The reply should hold only the lines from the one with "Come out August" to the one with "賽后,勇士官方曬出波杰姆斯基", both ends kept, exactly as they appear below, without any pictures.

◆ Extracted material ◆
---+---

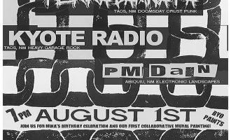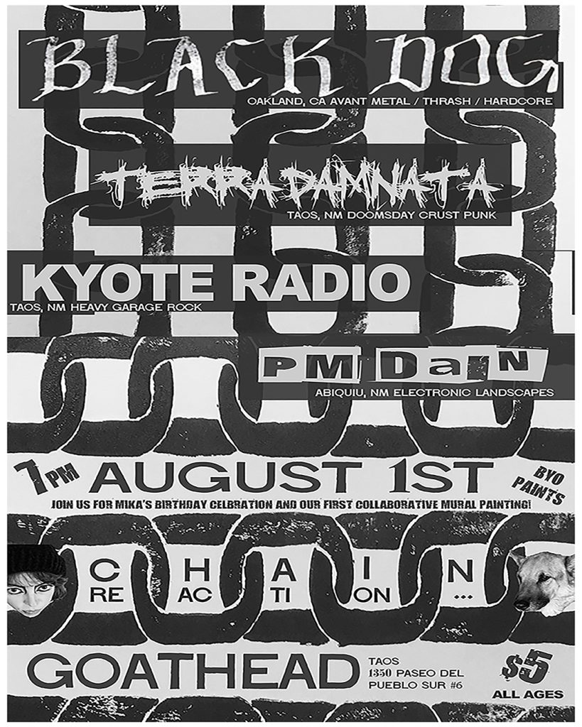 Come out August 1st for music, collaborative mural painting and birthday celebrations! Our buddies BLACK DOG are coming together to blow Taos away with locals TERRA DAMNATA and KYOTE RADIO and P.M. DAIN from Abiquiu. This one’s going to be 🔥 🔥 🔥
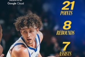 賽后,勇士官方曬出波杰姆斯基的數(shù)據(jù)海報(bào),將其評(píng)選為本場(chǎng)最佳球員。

---+---

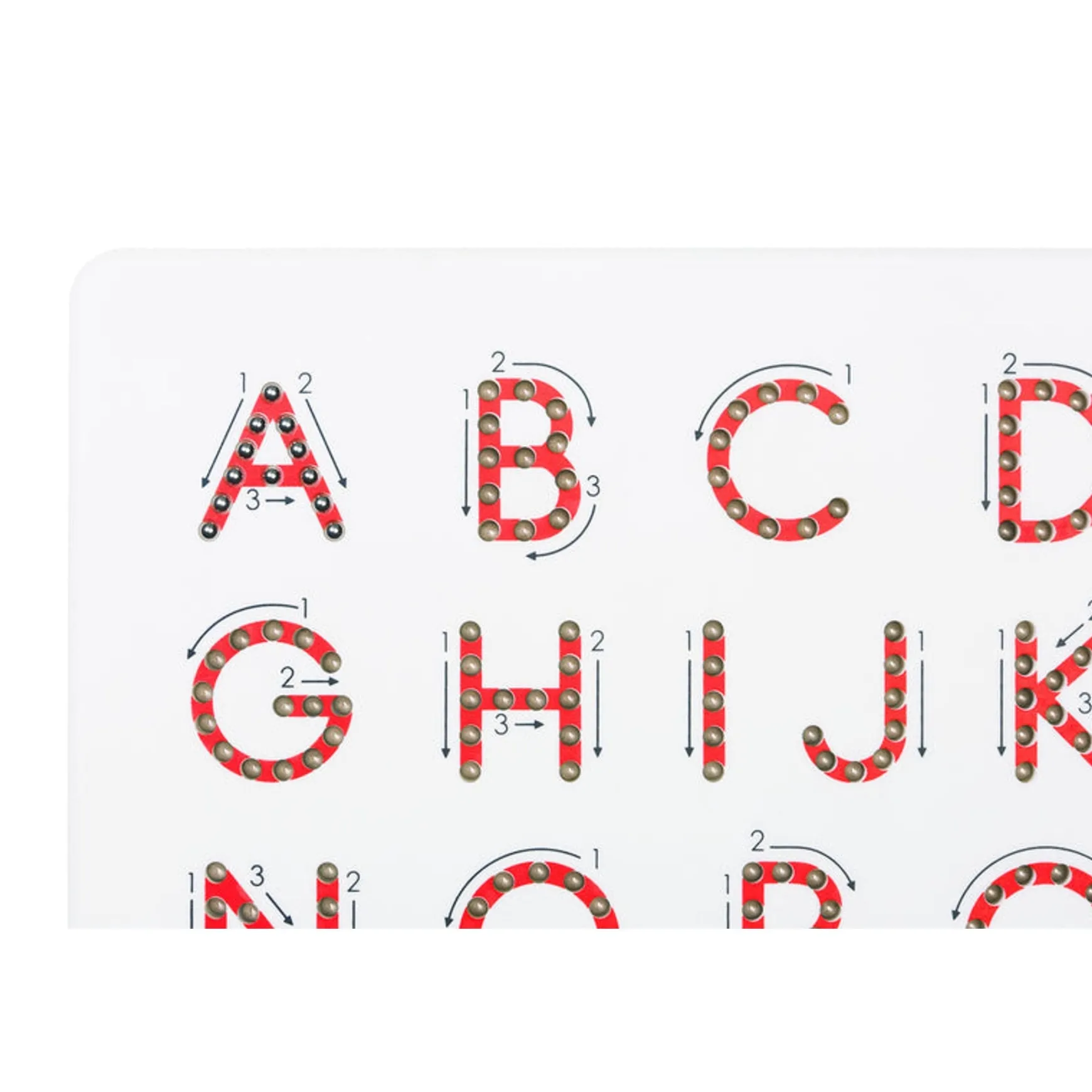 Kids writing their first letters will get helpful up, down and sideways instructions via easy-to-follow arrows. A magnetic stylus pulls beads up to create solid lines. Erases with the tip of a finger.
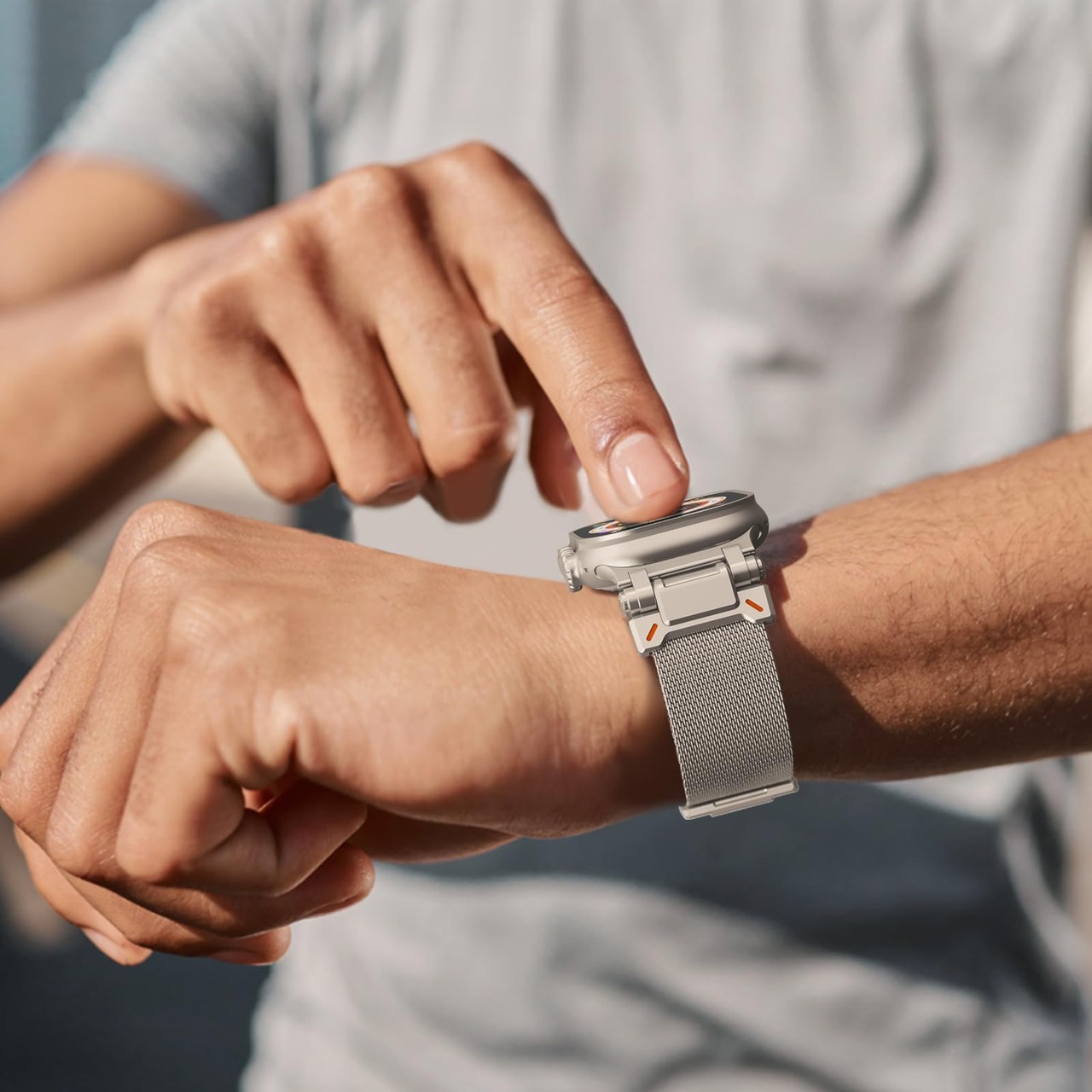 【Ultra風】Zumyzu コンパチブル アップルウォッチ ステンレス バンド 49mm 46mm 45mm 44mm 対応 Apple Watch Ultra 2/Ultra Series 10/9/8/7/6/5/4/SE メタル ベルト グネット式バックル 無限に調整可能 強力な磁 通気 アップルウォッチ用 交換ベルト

---+---

◆ Written response ◆
 Come out August 1st for music, collaborative mural painting and birthday celebrations! Our buddies BLACK DOG are coming together to blow Taos away with locals TERRA DAMNATA and KYOTE RADIO and P.M. DAIN from Abiquiu. This one’s going to be 🔥 🔥 🔥
 賽后,勇士官方曬出波杰姆斯基的數(shù)據(jù)海報(bào),將其評(píng)選為本場(chǎng)最佳球員。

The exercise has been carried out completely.